Q1. In Fig. 6.13, lines AB and CD intersect at O. If ∠AOC + ∠BOE = 70° and ∠BOD = 40°, find ∠BOE and reflex ∠COE.

 

 

 

 

 

Answer:

We are given

∠AOC + ∠BOE = 70°

∠BOD = 40°

∠BOD = ∠AOC (Vertically opposite angle)

∴ ∠AOC = 40°

Putting values of  ∠AOC in the given equation ∠AOC + ∠BOE = 70°

40 + ∠BOE = 70

∠BOE = 30°

∠AOE + ∠BOE = 180° (Linear pair)

∠AOC + ∠COE + ∠BOE = 180°

40° + ∠COE + 30° = 180°

∠COE = 180° – 70° = 110°

Reflex ∠COE = 360° – ∠COE

Reflex ∠COE = 360° – 110° =250°

Therefore  ∠BOE =30° and reflex ∠COE =250°

Q2. In Fig. 6.14, lines XY  and MN intersect at O. If ∠POY =90° and a:b=2:3, find c.

 

 

 

 

 

 

Answer:

We are given

∠POY =90° and a: b =2: 3

∠POX = 180° – 90° = 90°(Linear pair)

Let a = 2x and b = 3x

∠POX = a + b = 90

2x + 3x = 90

5x = 90°

x = 18°

Therefore a = 2×18 = 36° and b = 3× 18 = 54°

Since MON is a line therefore b and c are linear pair

∴b + c =180°

54° + c = 180°

c = 180° – 54°  = 126°

Hence the value of c is 126°

Q3. In fig. 6.15 ∠PQR = ∠PRQ, then prove that ∠PQS = ∠PRT

 

 

 

 

 

Answer:

Given: ∠PQR = ∠PRQ

To Prove: ∠PQS = ∠PRT

Proof: In the given fig.

∠PQS + ∠PQR = 180° (Linear pair)…..(i)

∠PRT + ∠PRQ = 180° (Linear pair)…..(ii)

From equations (i) and (ii)

∠PQS + ∠PQR = ∠PRT + ∠PRQ

∠PQR = ∠PRQ (given)

∠PQS + ∠PRQ = ∠PRT + ∠PRQ

∠PQS = ∠PRT

Hence Proved

Q4. In fig.6.16 if x +y = w +z, then prove that AOB is a line.

 

 

 

 

 

 

 

 

Answer: We have In the given figure

Given: x +y = w +z

To Prove: AOB is a line

Proof: From the figure, we can observe that all the given angles form a complete angle of 360°

Therefore we can write

x +y + w +z = 360° (complete angle)

w + z + w + z = 360°

2w + 2z = 360°

2(w + z) = 360°

w + z = 180

The sum of w and z implies that both angle w and z forms a linear pair, so AOB is a line.

Q5. In Fig. 6.17, POQ is a line.

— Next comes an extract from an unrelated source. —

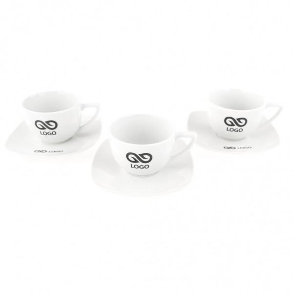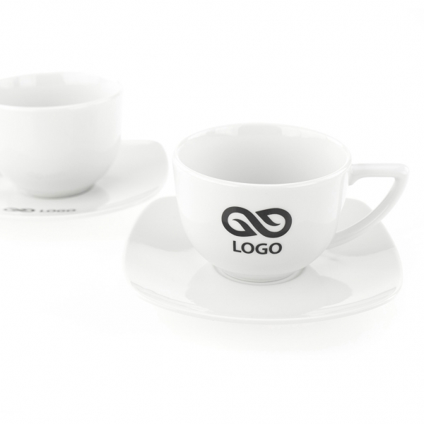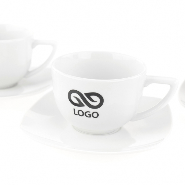 Waga: 430 g / Wysokość: 60 mm / Średnica: góra 85 mm, dół 40 mm / Rozmiar nadruku: filiżanka zewnątrz 45 x 25 mm, filiżanka wewnątrz 50 x 5 mm, talerzyk 70 x 25 mm / Pojemność: 190 ml / Tworzywo: porcelana / Opakowanie: 20 szt. / Kolor: biały /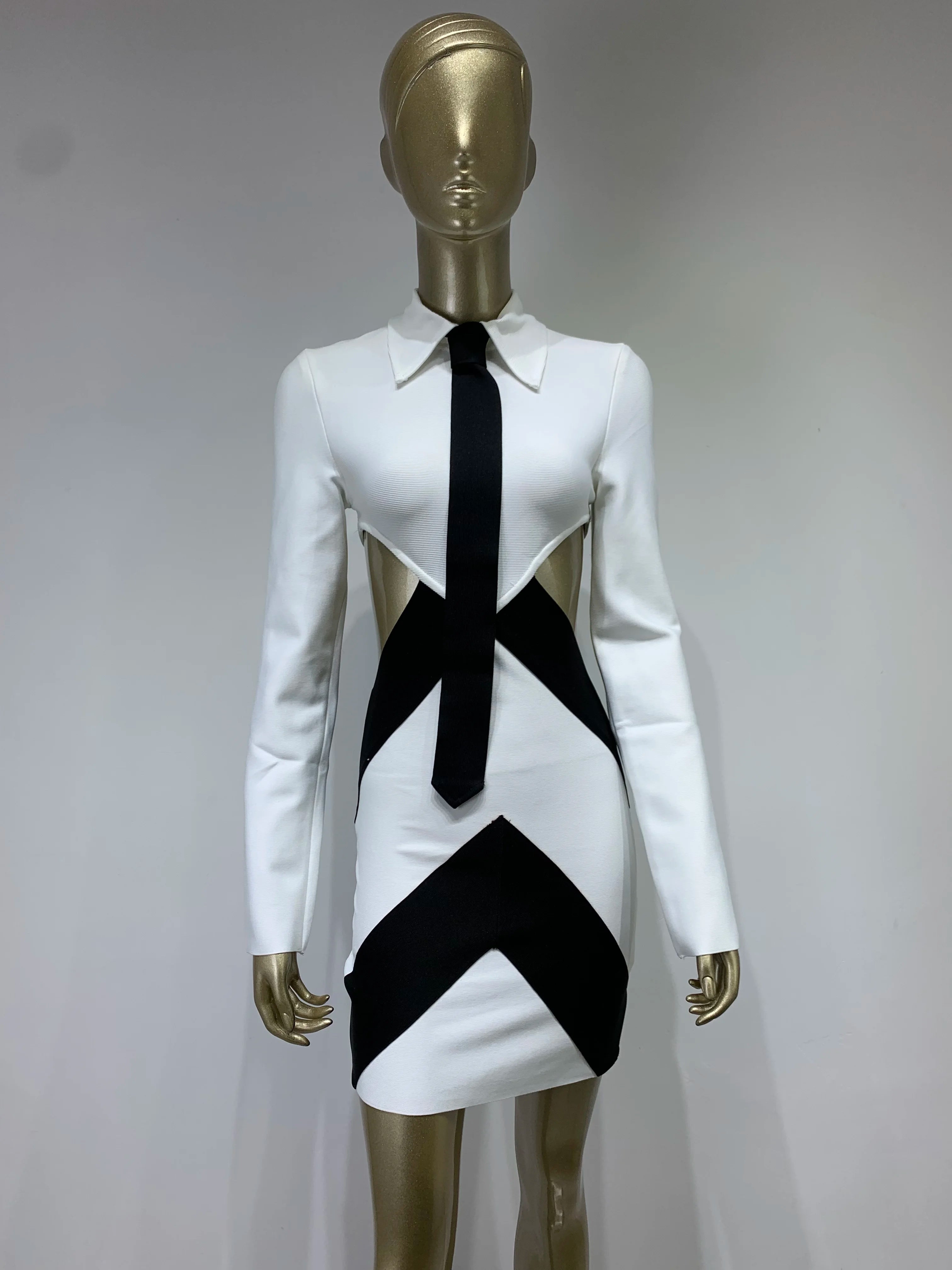 Discover your new go-to dress with Be My Escape. Featuring a slim fit and sheath silhouette, this mini dress accentuates your shape while the notched neckline adds a touch of sophistication. The patchwork pattern and hollow out details add a sexy and playful touch. Crafted from a blend of polyester and spandex, this dress offers comfort and style in one.

Ray OR is perpendicular to line PQ, OS is another ray lying between rays OP and OR. Prove that ∠ROS = 1/2(∠QOS -∠POS).

 

 

 

 

 

Answer:

Given: POQ is a line

OR ⊥ PQ

∴ ∠POR = 90° and ∠QOR = 90°

To Prove: ∠ROS = 1/2(∠QOS -∠POS)

Proof: POQ is a line (given)

Therefore ∠POR  and ∠QOR are the linear pair

∠POR  +  ∠QOR = 180°

∠POS + ∠ROS + 90° = 180°

∠POS + ∠ROS = 90°…..(i)

From the fig. we have

∠QOS  = ∠QOR + ∠ROS

∠QOS  = 90° + ∠ROS

∠QOS – ∠ROS = 90°……(ii)

From (i) and (ii)

∠POS + ∠ROS = ∠QOS – ∠ROS

∠ROS + ∠ROS  = ∠QOS – ∠POS

2∠ROS   = ∠QOS – ∠POS

∠ROS = 1/2(∠QOS – ∠POS)

Hence proved

Q6. It is given that ∠XYZ = 64° and XY is produced to point P. Draw a figure from the given information. If ray YQ bisects ∠ZYP, find XYQ and reflex QYP.

Answer:

 

 

 

 

 

We are given

∠XYZ = 64°

Let ∠PYZ = 2x

∠QYZ = ∠QYP = x ( YQ is the bisector of ∠PYZ)

Since PYX is a line,so

∠PYZ +∠XYZ = 180°

∠QYZ + ∠QYP + 64° = 180°

x + x = 180° – 64° = 116°

2x = 116°

x = 58°,so ∠QYZ = ∠QYP = 58°

∴∠XYQ = ∠XYZ + ∠QYZ  = 64° + 58° = 122°

Since  ∠QYP = 58°, therefore reflex ∠QYP = 360°-58° = 302°

Hence ∠XYQ = 122° and reflex ∠QYP  = 302°